06.14.23
Excerpt: Exhibition
A Controversial Seinfeld Character Inspired One of Ethan Cook’s New Paintings
The depth of color in Ethan Cook’s work is entrancing: It draws you in and then proceeds to work its spell, stirring up meaning and feeling. Cook is known for his abstract “woven paintings” in which color isn’t applied at all but is part of the canvas itself. He uses a four-harness loom to hand weave fabric, which is then stitched together and stretched on bars. But recently, Cook has been exploring additional materials and techniques, evident in his latest exhibition Entities, at the Brussels location of Nino Mier. (It’s the Texas-born, New York–based artist’s fourth solo show with the gallery.) There’s long been a meditative quality to both his process and his output and now there’s a reflective aspect as well — figuratively but also literally, with copper and aluminum panels incorporated into the textile pieces alongside those he produces with paper. Cook handmakes paper using raw pigment mixed with cotton, abaca, and water, resulting in super-saturated surfaces that paradoxically contain an inherent depth.
He’s also added brushwork into pieces like “Hello Newman,” which combines hand-woven cotton with acrylic on aluminum and copper. Not to read too much into a title, but the repetitive brushwork on one side, thick and dark green, does kind of echo the ongoing sitcom rhythms of “Seinfeld” and the recurring appearance of Jerry’s postal-worker nemesis; though Newman also visually refers, of course, to Barnett Newman and his “zip” paintings with their vertical bands cutting through fields of color.
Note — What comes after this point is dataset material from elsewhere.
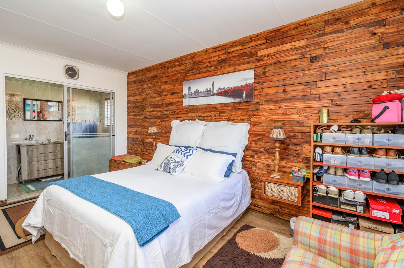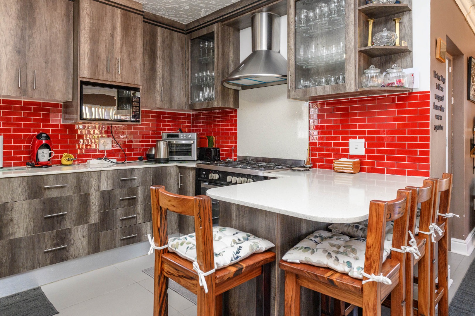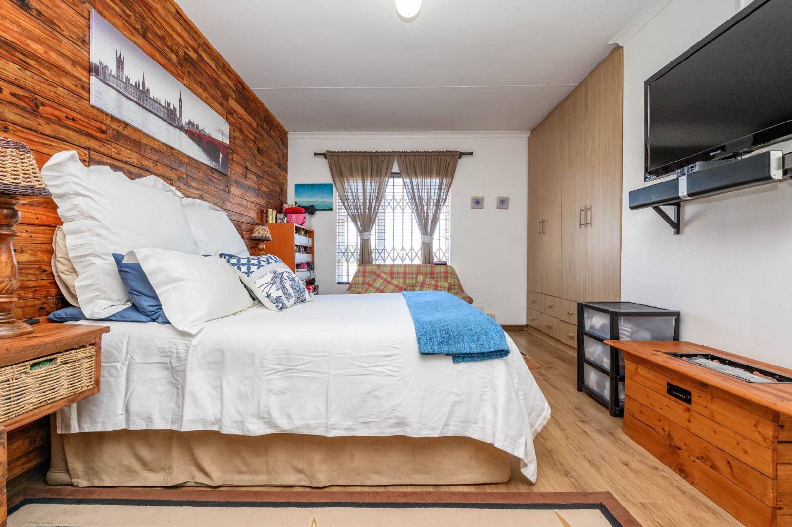 The stylish and generously sized kitchen is fitted with modern decorative wall tiles and ample storage space. The large gas stove and upright fridge-freezer will remain, adding further value for the new owner. All ceilings throughout the home are modern and decorative, enhancing the sophisticated feel of the interiors. Two spacious guest bedrooms are fitted with built-in cupboards, while the large main bedroom includes an attractive feature wall, en-suite bathroom, and generous cupboard space. Blinds enhance most windows, and the home is finished with a tasteful combination of tile and laminate flooring. The property also features a solar geyser and exterior lighting all around the home for safety and security, managed by a day-night switch. An alarm system provides added peace of mind, while a small outbuilding in the courtyard offers extra storage.

Relational geometric planes — whose edges are often softened and imperfect — play against more organic forms. In some instances, Cook lets go entirely of the rectangular strictures of the typical canvas, embracing floral shapes with acrylic-painted aluminum centers. From a distance, they may look like simple, flat representations of flowers, but up close, the shift in material and color evokes movement from one state to another — and all the emotion of change and transition. Entities is on view through July 20.